Брошь: А можно два варианта? (смеется)
Кошелева: «Веладора» офигенная. Но я, кстати, «Нур» еще люблю.
Брошь: И у меня!
Брошь: Штаты. Мексика.
Кошелева: Сначала в Оман. Потом в Японию.
Кошелева: Море.
Брошь: Море.
Кошелева: С бумаги.
Брошь: С бумаги.
Кошелева: Без телефона, ключей и гигиенички.
Брошь: Без духов.
Брошь: Ванная.
Кошелева: Ванная.
Брошь: Очень оригинально.
Кошелева: Было ведь уже!
Симакова:
Симакова:
Когда мы обсуждали с вами выставку, так или иначе была обозначена тема safe place. Мы и в личных разговорах говорили, как хочется своего места, чтобы быть ближе к земле. Не является ли для вас художественная деятельность таким медитативным процессом, через который можно отдохнуть и этот свой мир выстроить?
Ковалева:
Ковалева:
И насколько искусство, которое вы делаете, — работа, а насколько — личное переживание?
Кошелева:
Кошелева:
Я долго думала, как ответить на вопрос о том, что такое safe space, и поняла, что для меня это какое-то пространство между светом и тьмой. В начале этого года я внимательнее стала относиться к символу ин-янь, что банально, но тем не менее я глубже его поняла. Что такое живопись — это холст и масло, такая средневековая техника, но для меня только в ней возможно создание сбалансированного высказывания, и традиционного, и хайпового. При этом живопись очень трудозатратная, а получившаяся в итоге картинка — какое-то чистилище. Погружаясь в него, ты выбираешь, в какую сторону идешь, как будешь трактовать сюжет, что для тебя значит эта работа, ты ее отвергаешь или принимаешь.
Ковалева:
Ковалева:
Апо, а у тебя?
Брошь:
Брошь:
Я это не для записи скажу, но в моей обычной повседневности отсутствует чувство контроля. Я не знаю, в каком порядке что произойдет, что случится за день… А работа для меня — место полного погружения, где я сама могу управлять миром, и если совершаю ошибки, то это мои ошибки. С момента наступления карантина я старалась к работе подходить как к психоанализу, то есть это погружение в себя через работу, в какой-то параллельный мир, где только я сама за все отвечаю. И что из этого выйдет, зависит от глубины погружения.
Кошелева:
Кошелева:
Как на приеме у психолога: ты никогда не знаешь, чем закончится ваш разговор.
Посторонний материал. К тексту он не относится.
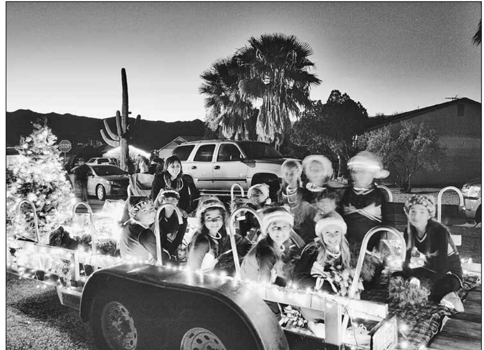
The Ray Junior High School Cheerleaders brighten up their float during the Winter Wonderland Electric Light Parade.
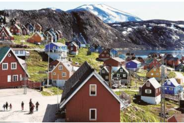
Danish politicians on Friday poured scorn on the idea.

of July led to nowhere. Mr. Trump's National Security Adviser, John Bolton, has been a longtime advocate of arms sales to Taiwan. Some analysts say China could retaliate by punishing U.S. companies with sanctions, which it has done in the past. The sale of 66 jets to Taiwan would be the largest single arms package transaction between the U.S. and the democratic, self-governing island in years. NY TIMES
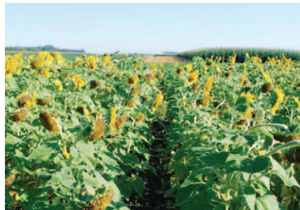
Sulfentrazone PRE (4.5 oz/A)

BASF Field Trial (2010). NDSU, Fargo, ND.
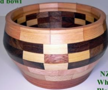
NZ-Beech White Oak Blackwood King Billy Pine Livos Oil
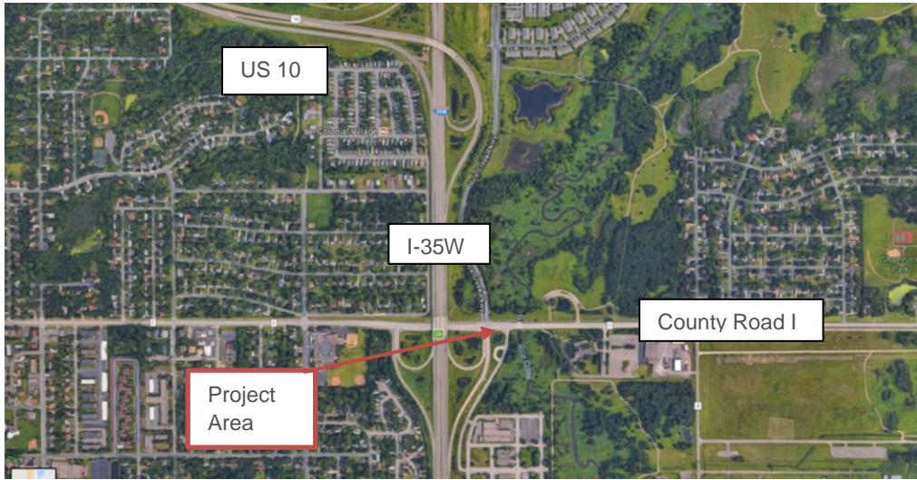
Figure 2: Detailed Project Area
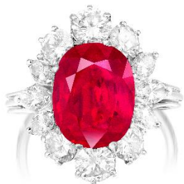
A Superb 4.95 carat Burmese Ruby and Diamond Ring Estimate: HK$3,800,000 – 4,800,000/US$490,000 – 620,000

Rubies have been adorned and coveted throughout centuries often associated with power, wealth, success, and health. In particular, the blazing red colour has been cherished in Asia as a colour of passion and luck. Highlighting this season’s sale is a selection of the finest natural rubies sourced from Burma, now Myanmar, a source of the gems since 600 A.D. and commonly regarded as the world’s most desirable origin of coloured gemstones. One of the key highlights is a ring featuring a remarkable Burmese unheated ruby weighing 4.95 carats and accentuated by various-cut diamonds. It exudes a highly saturated red colour and emanates the true glow of a fine Burmese ruby.
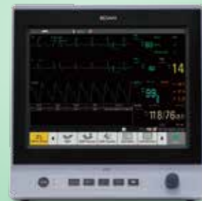
X series Patient Monitor
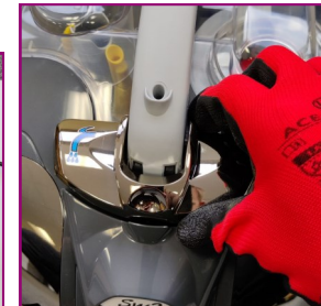
Remove reservoir filler cap

Собираешься говорить об одном, а что вообще вышло… Сидишь в итоге и вспоминаешь, как котенка на твоих глазах переехали...
Симакова:
Симакова:
Апо, насколько работа с керамикой в миксе с психоанализом помогает с собой разбираться?
Брошь:
Брошь:
Мы с психологом обсуждали, что через работу очень проецируешь себя и свои воспоминания, зачастую бессознательно. Керамические работы у меня раньше были такие гладенькие, ровненькие, будто хотели прикинуться чем-то другим, и так же в моей жизни: какая-то фальшивая наружность проявлялась. Мне это ужасно не нравилось, поэтому последние работы посвящены тому, чтобы глина оставалась глиной с неровностями и трещинами.
Ковалева:
Ковалева:
Вика, а у тебя как с честностью с собой?
Кошелева:
Кошелева:
Я замечаю, что пытаюсь доказать свой профессионализм за счет лютого трудоголизма, и хочу показать, что женщина тоже может адски фигачить. При этом, когда делаю суперчувственную работу, когда она посвящена любви, поцелуям, мне становится стыдно сказать: да, эта работа посвящена поцелую. Когда что-то подобное делает мужчина, все ссут кипятком: потрясающе, как он может чувствовать, какой он нежный, как он передал цвета, увидел красоту. И получается, что да, мои сюжеты нежные, но я пытаюсь компенсировать это количеством, размером, напористостью, напряженностью. Поэтому я ищу идеально сбалансированную модель творчества, чтобы и самой быть довольной и не комплексовать, что я женщина. Много очень передергиваний в современном феминизме, тема стала искаженной и гипертрофированно понимается. Я вот думаю, может, лет 30 пройдет, и все поменяется в лучшую сторону, но сейчас сложно…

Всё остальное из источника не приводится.